Customize the workflow

Open .github/workflows/arksim.yml and update the two TODO sections:Start agent server — replace with your framework’s startup command:
- name: Start agent server
  run: uvicorn my_agent:app --host 0.0.0.0 --port 8888 &
  env:
    OPENAI_API_KEY: ${{ secrets.OPENAI_API_KEY }}
Wait for agent — update the health-check URL if your server uses a different route:
- name: Wait for agent to be healthy
  run: |
    for i in $(seq 1 30); do
      if curl -sf http://localhost:8888/health > /dev/null 2>&1; then
        exit 0
      fi
      sleep 2
    done
    exit 1
6

Add GitHub secrets

In your repo → Settings → Secrets and variables → Actions:
SecretPurpose
OPENAI_API_KEYLLM ArkSim uses to evaluate your agent
AGENT_API_KEY(optional) API key your agent server needs
7

Push

The workflow triggers automatically on every push to main and on every PR. The job passes or fails based on your configured thresholds.

Quality gates

Configure pass/fail thresholds in your config or test file. If any gate is not met the job fails.

Per-metric thresholds

Fail if any conversation’s per-metric score falls below the minimum. Built-in turn-level metrics use a 1–5 scale; goal_completion and overall_score use 0–1:
numeric_thresholds:
  overall_score: 0.6
  goal_completion: 0.8
  faithfulness: 3.5
  helpfulness: 3.0

Qualitative failure labels

Fail if any evaluated turn returns one of these labels:
qualitative_failure_labels:
  agent_behavior_failure: ["false information", "disobey user request"]
  prohibited_statements: ["violated"]
See Threshold Gates for the full reference on all three gate types.

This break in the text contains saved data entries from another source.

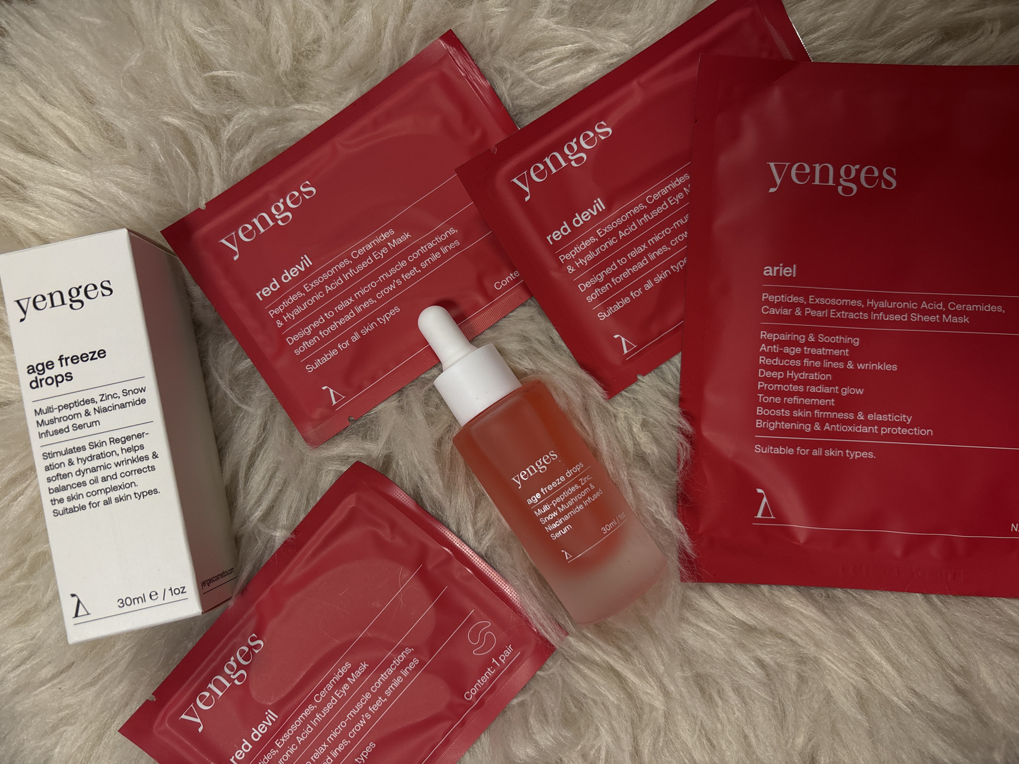collection of skincare products from the brand "yenges" arranged on a soft, white, furry surface. The products include: 1. A white box labeled "yenges age freeze drops," a serum containing multi-peptides, zinc, snow mushroom, and niacinamide. The box indicates a volume of 30ml/1oz and lists benefits like skin regeneration, hydration, and wrinkle softening. 2. A frosted glass bottle with a dropper, also labeled "yenges age freeze drops," indicating it contains the same serum as the white box. The volume is 30ml/1oz. 3. Three red packets labeled "yenges red devil," containing peptide, exosome, ceramide, and hyaluronic acid-infused eye masks. The packets state they are designed to relax micro-muscle contractions and soften wrinkles and are suitable for all skin types. 4. A red packet labeled "yenges ariel," containing a peptide, exosome, hyaluronic acid, ceramide, caviar, and pearl extract-infused sheet mask. It lists benefits like repairing, soothing, anti-aging, deep hydration, tone refinement, and brightening. There is no information available that indicates the image was taken in Cheshnegirovo, Bulgaria.
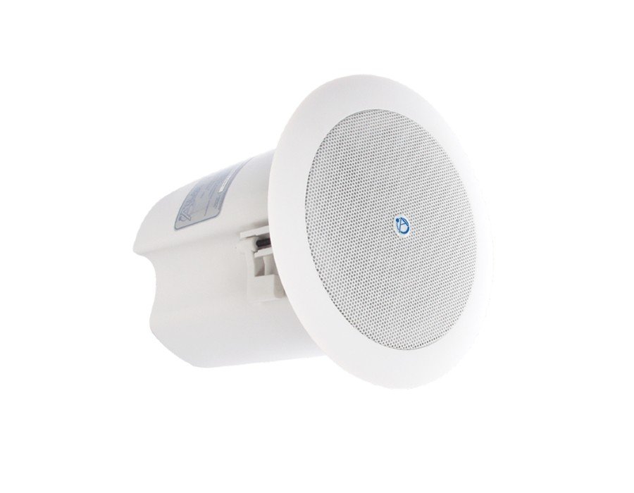 Designed to provide high performance in a very compact footprint, the FAP40T appeals to both system designers and architects. FAP40T is ideal for high-intelligibility voice, music, and signal reproduction in commercial, industrial, and institutional applications. A unique (patent pending) tap selector switch design allows for easy system tuning. A full selection of taps up to 16 watts as well as an 8 ohm transformer bypass setting is included for maximum system versatility. This switch «knob» also functions as a diffuser cone, providing smooth, even dispersion of the high frequency content from the center of the 4″ polypropylene driver. In fact, the high frequency response of the FAP40T is so natural that many would assume that the driver in the FAP40T was a coaxial design instead of a single cone driver. Low frequency response is enhanced by the tuned and ported enclosure design. The enclosure (UL1480 pending) is constructed of high impact injection molded plastic and includes a press fit grill design that blends quite well with contemporary architecture. A two pole terminal strip housed below a metal removable cover on the back of the FAP40T enclosure allows for easy system wiring as well as «daisy chain» wiring to other FAP40T’s or even FASUB70 subwoofers (a great combination!).
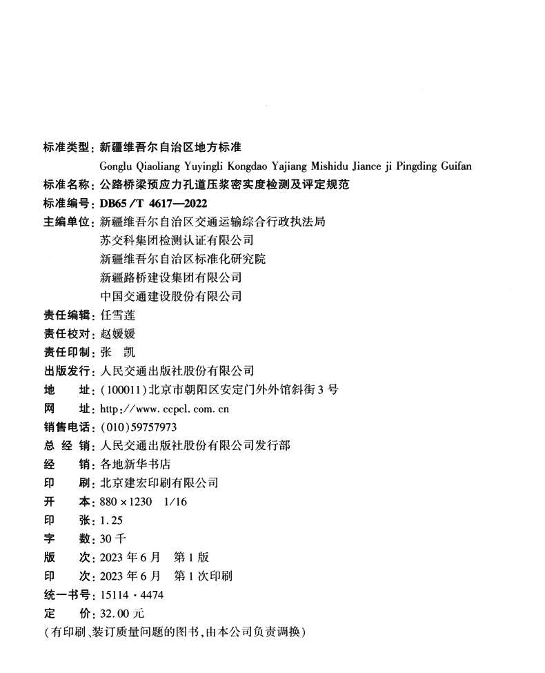 书名:公路桥梁预应力孔道压浆密实度检测及评定规范
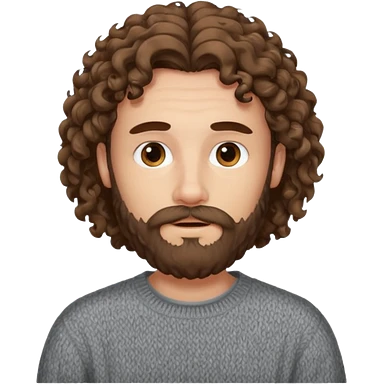 long curly hair bearded man sweater emoji
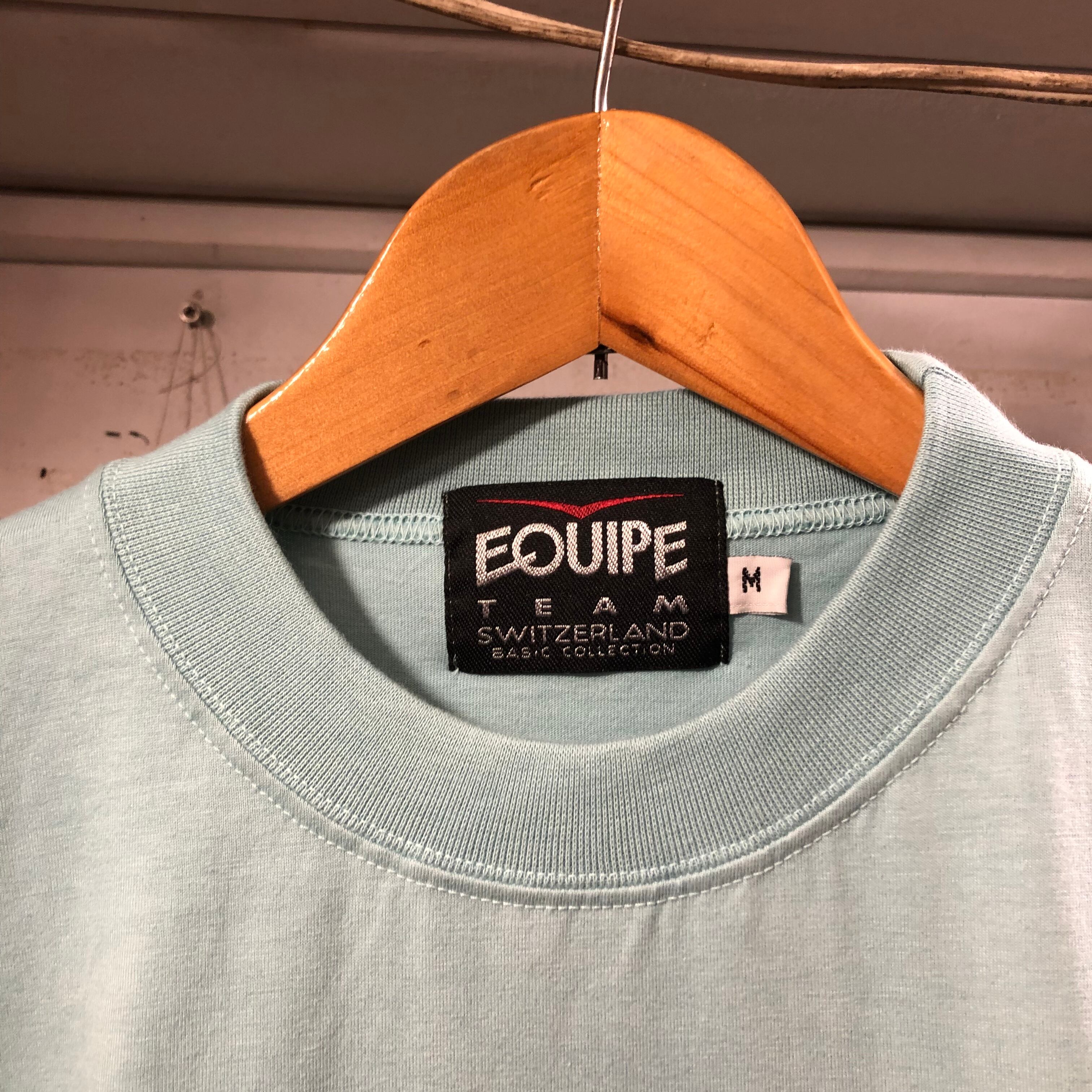 アイスブルーの涼しげな色味のスイス製のTシャツです。
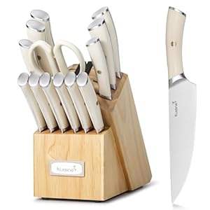 Cutlery, Knife SetsKitchen Chef’s Knife Set Block Utensils Set, German High Carbon Stainless Steel Razor-Sharp Blade Ergonomic Handle, Kitchen Knife Block Set with Built-in Sharpener, Elegant Gift(Ivory,15pcs)
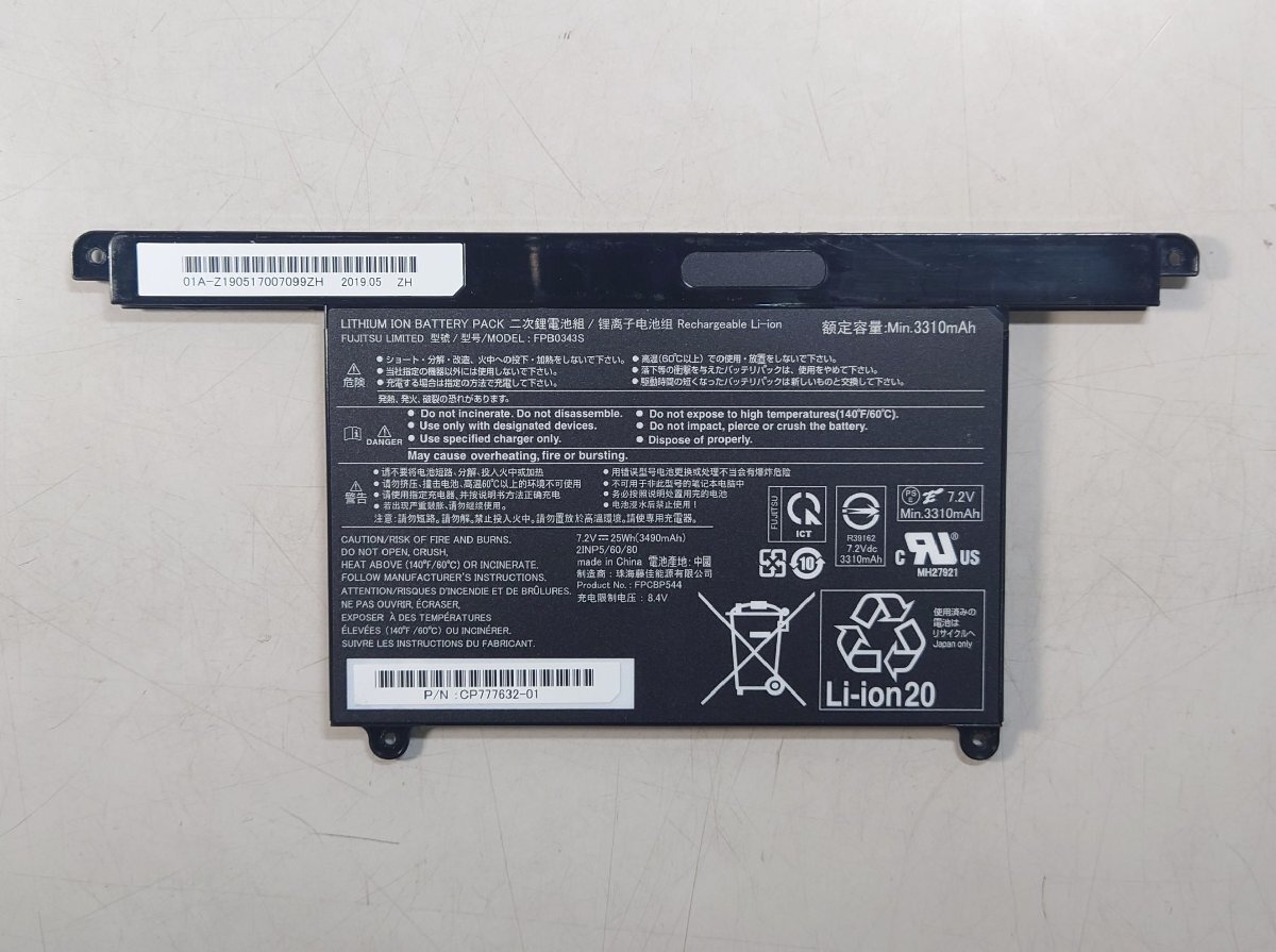 KN5322 【中古品/充電確認済】 富士通(FUJITSU) LIFEBOOK UH75/B3 UH77/B3 UH95/D2 U938 U939等用バッテリー(FPB0343S)
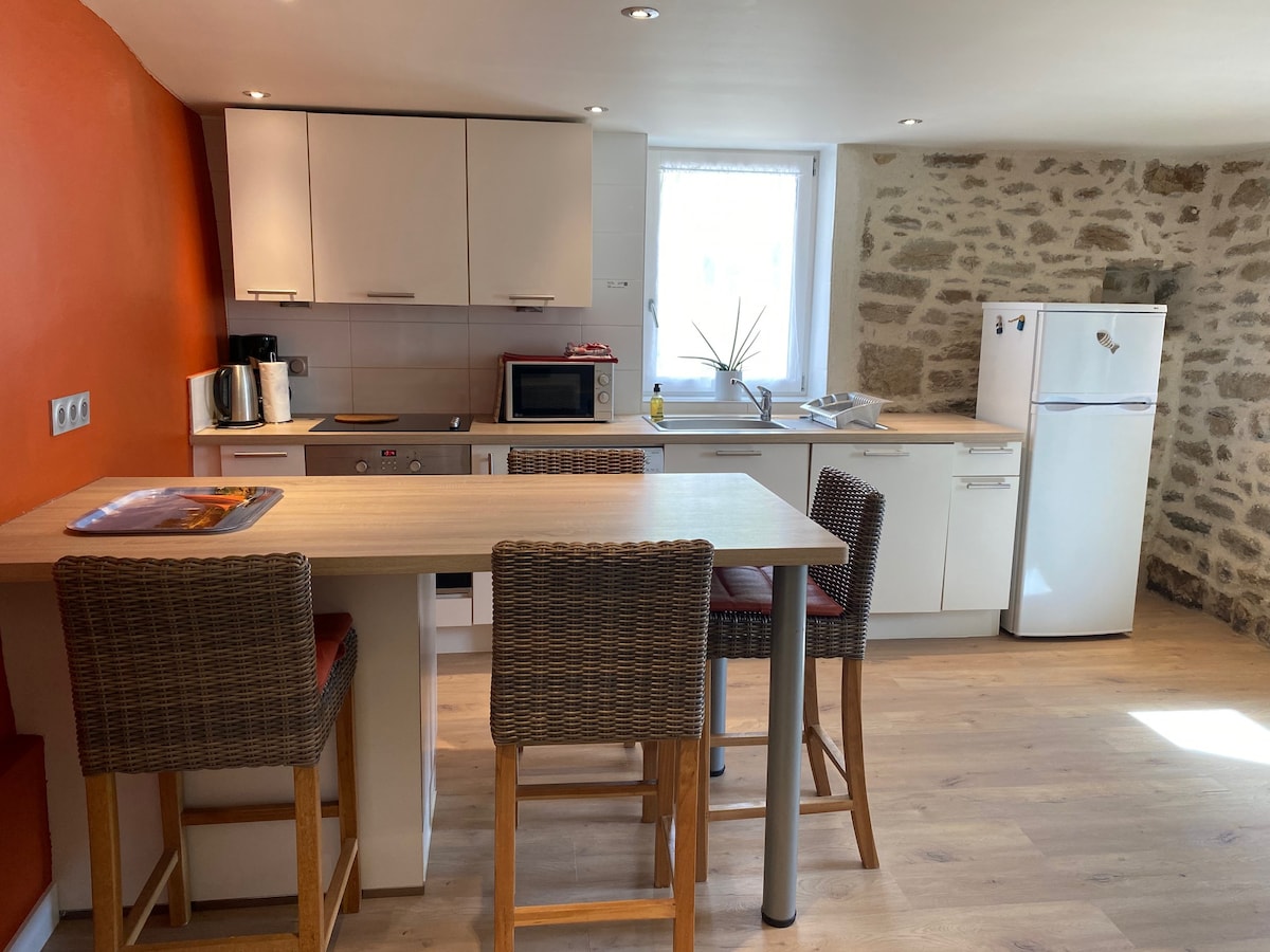 Ce gîte au cœur d'un village, a une pièce principale avec un coin cuisine (plaques induction, four mixte, frigo), un canapé, une table (rabattable) avec 4 chaises, une salle d'eau, et une grande chambre à l'étage, une table utilisable pour travailler ( wifi de bonne qualité), une commode, une penderie. Possibilité de manger dehors, et d’utiliser la piscine.
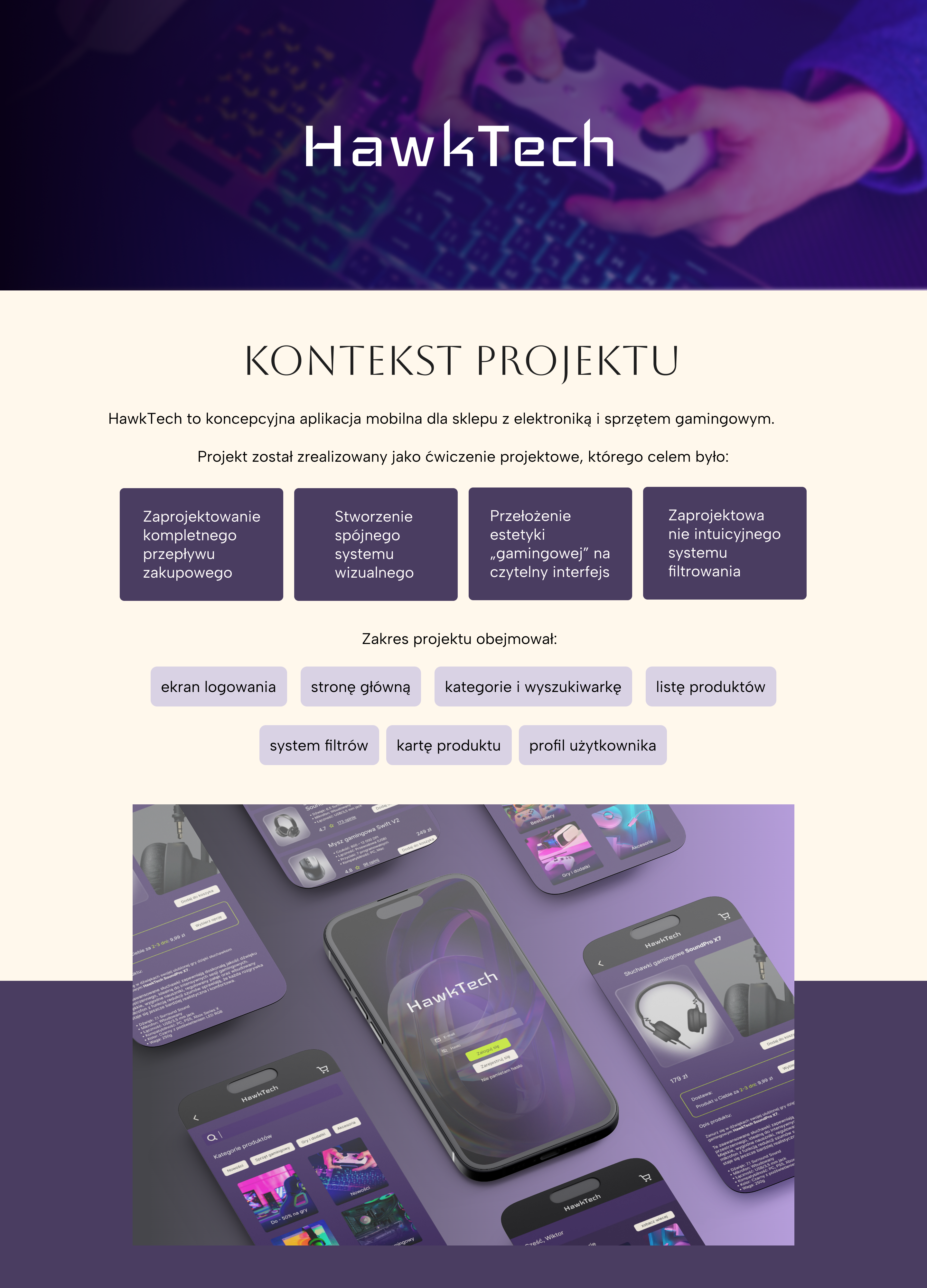 Projekt UX/UI aplikacji e-commerce zaprojektowanej pod szybkie decyzje zakupowe.
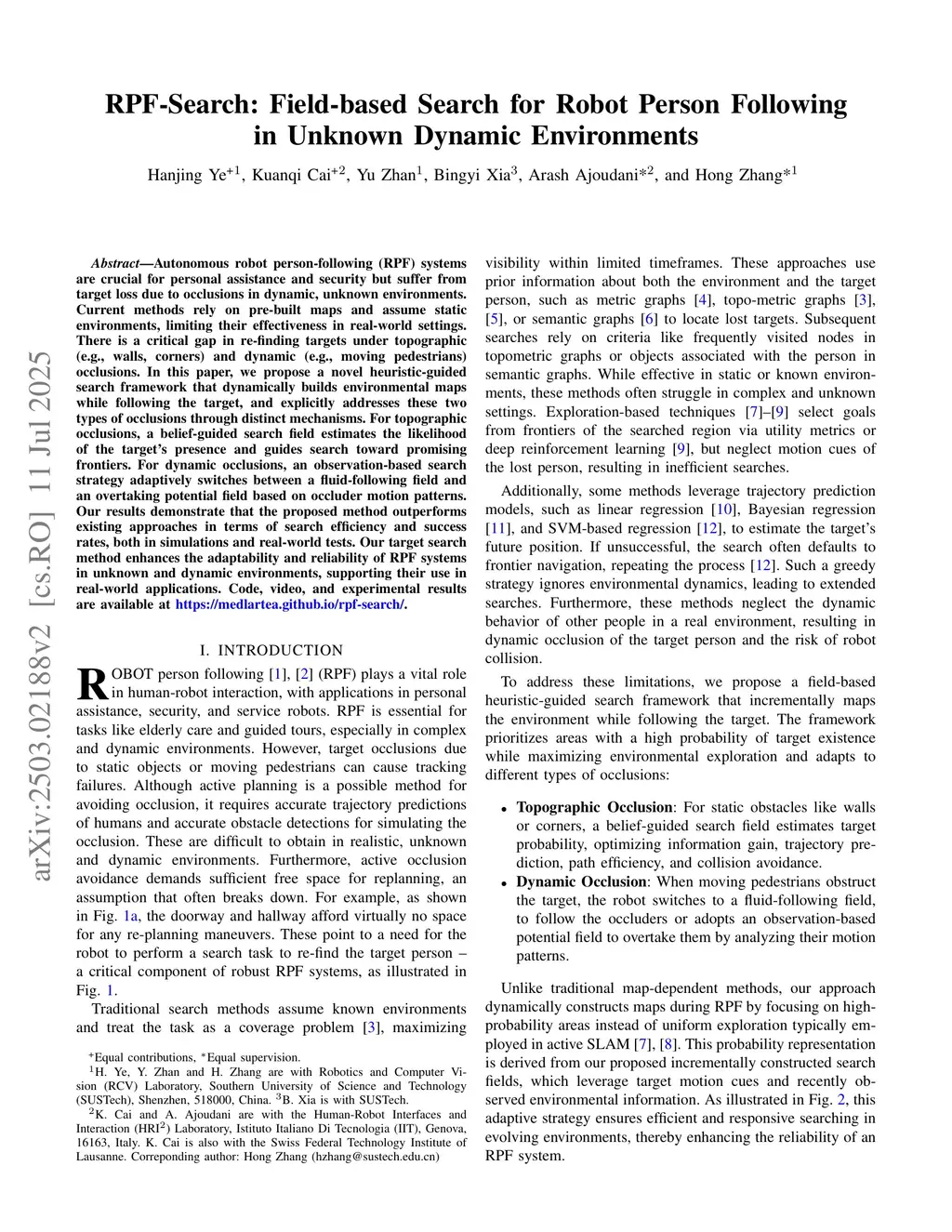 RPF-Search: Field-based Search for Robot Person Following in Unknown Dynamic Environments

Viewing the evaluation report

After every run — pass or fail — two artifacts are uploaded so you can inspect results regardless of outcome.
  1. Open the workflow run in GitHub Actions.
  2. Scroll to Artifacts at the bottom.
  3. Download arksim-html-report → unzip → open final_report.html in your browser.
  4. Download arksim-full-results for the raw simulation and evaluation JSONs (useful for programmatic analysis or diffing metric trends across runs).
The HTML report shows metric averages, per-conversation scores, and the top failure patterns, giving you enough context to know exactly what to fix.